It's not exactly "High Noon," but a showdown of sorts may be in the works between Bush's (true) arch-nemesis, Rep. Henry Waxman (D., Los Angeles) and Bush's legal mouthpiece, Attorney General Michael Mukasey. (I have to say once again: thanks ever so much, Dianne Feinstein, for paving the way for this awful AG appointment. Who says that Californians don't elect Republicans to the Senate?)
The issue concerns Vice President Dick Cheney's FBI interview about the Valerie Plame matter, conducted during its investigation prior to the trial of Scooter Libby. The Bureau put together a report, termed a 302, on the interview. My instinct tells me that the VP probably growled a few lies during that one, and with the extraordinarily complicated matrix of evidence built by Fitzgerald during his thorough investigation (and candy-ass indictment), it seems inconceivable that Cheney could have shucked, jived and "if-you-will" -ed his way through that Q&A without (a) perjury and/or (b) obstruction of justice. Patrick Fitzgerald, the Special Prosecutor, claimed at the end of the Libby trial that "a cloud" hung over the Vice President concerning the Plame outing, but that Libby's many lies kept him from getting at the truth. (Let the record reflect that this cop-out has never made any sense. Fitzgerald proved that Libby lied because he had so much contradictory testimony and documentation demonstrating Libby's inconsistencies and was able to reconstruct a true narrative of events. How, then, could he have not seen plainly what Cheney did or did not do, despite Libby's obfuscations? His reasoning, however, sounded better than saying, "I don't want to go after the Vice President because he's too scary.")
Maybe that's for another day. Back to Cheney's 302: Chairman Pit Bull of the House Oversight Committee feels, like the Rolling Stones feel about love, that pursuit of truth is real and not fade away. He wants that 302. So Michael Mukasey (did I mention that without Feinstein's support we might have forced Bush to appoint an actual independent AG instead of another pocket consigliere for W?) wrote Bush and told him to write back telling Mukasey not to produce the 302 on grounds of "executive privilege." Bush's White House has really worn that concept down to the nub at this point. What, you may ask, is executive privilege? The most definitive statement of the concept was provided by the Supreme Court in Nixon vs.
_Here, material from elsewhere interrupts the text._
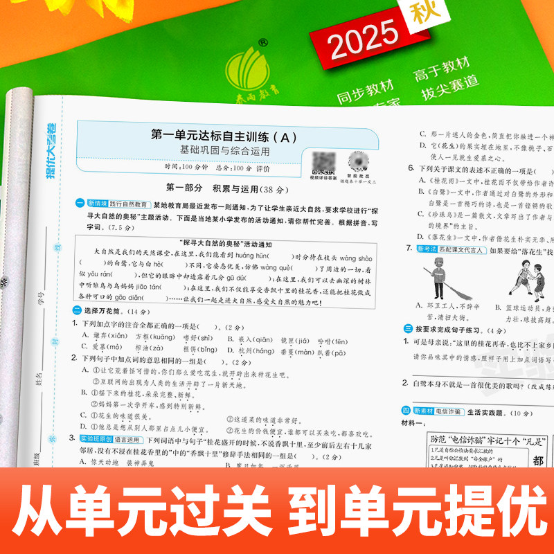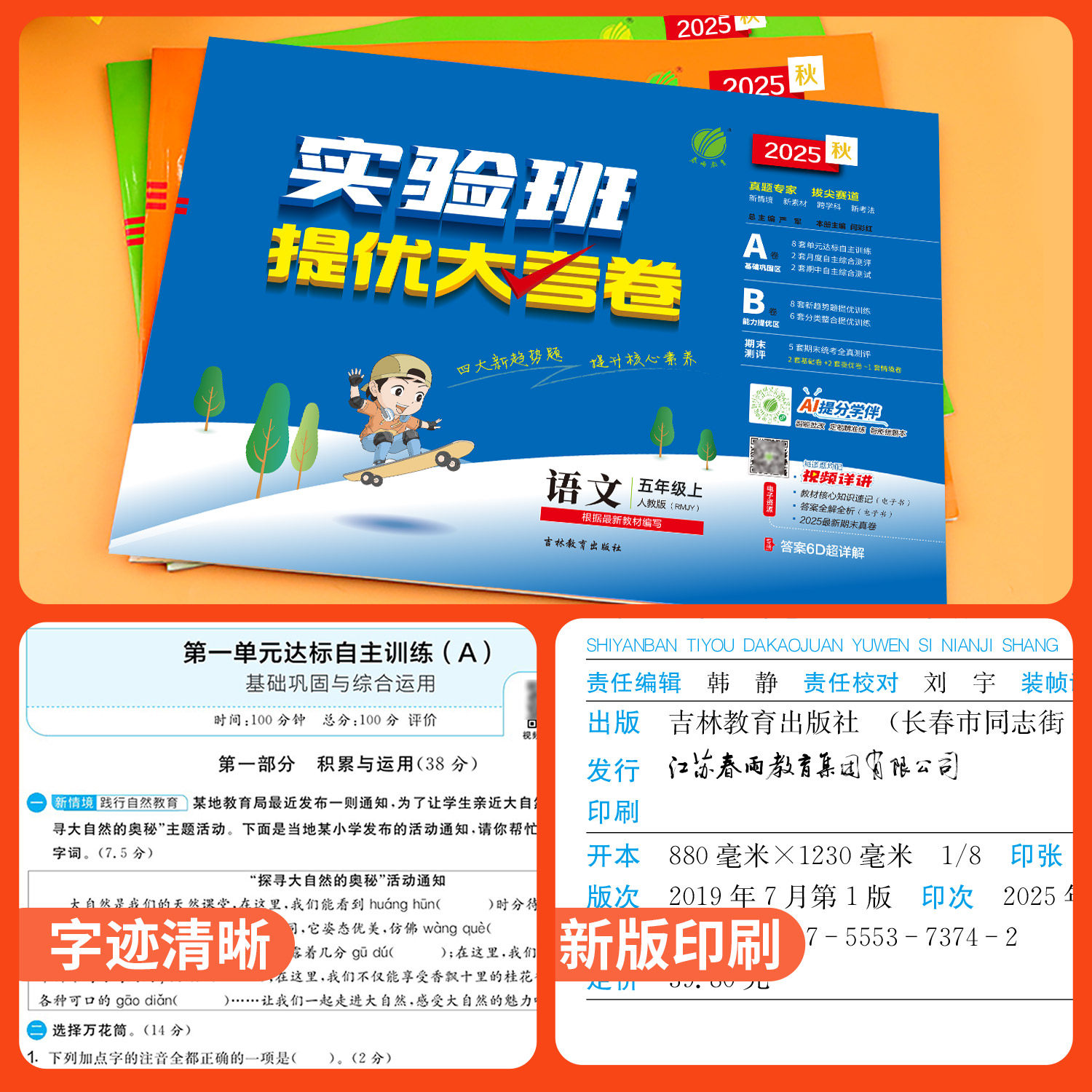 2026春适用《实验班提优大考卷》五年级语文、数学(人教版/北师大版/苏教版)上下册同步训练卷,紧扣新课标要求,涵盖单元、期中和期末达标测试卷,题型全面,难度分层。试卷精选典型例题,注重基础知识巩固与思维能力拓展,助力学生夯实课本内容,提升综合解题能力。每套试卷均配有详细解析,便于查漏补缺,实现高效培优。适合学有余力的学生进行提分训练,冲刺100分,是五年级学生同步练习、阶段检测和期末复习的理想教辅资料,全面提升语文素养与数学思维。

United States in 1974: It recognizes
"the valid need for protection of communications between high Government officials and those who advise and assist them in the performance of their manifold duties" and that "[h]uman experience teaches that those who expect public dissemination of their remarks may well temper candor with a concern for appearances and for their own interests to the detriment of the decisionmaking process."Mukasey is obviously familiar with the case; thus, his little jewel of sophistry in his letter to Bush, imploring W to tell Mike to do the right thing, informing Bush that failure to protect Cheney's 302 from Waxman may have a "chilling effect" on future cooperation of the Executive Branch with FBI investigations. You know, how can you be "candid" if what you tell the G-Men may wind up in the hands of a Congressional committee, particularly one headed by the oppo-party?
Rest assured that Mukasey's long, case-citing letter is full of sophisticated legal arguments referring to every conceivable basis for asserting the privilege and deep-sixing the 302. You might think that because the letter is so long and makes so many arguments that there must be something to all this verbiage, and you can be excused if you think so. Having more than a passing familiarity with how such briefs are prepared, however, I can assure you this is not the case. The issue is actually pretty simple: was Elliot Ness in Dick's office to "advise and assist" him or to grill him on what he knew about blowing Valerie's cover? Kind of clarifies things, doesn't it? So Mukasey's letter is all about covering Mike's ass - he's the one defying the subpoena and a former judge knows all about the perils of contempt. He told his staff of legal eagles to write the hell out of the memo so it looks like there's something to his stonewalling besides...stonewalling.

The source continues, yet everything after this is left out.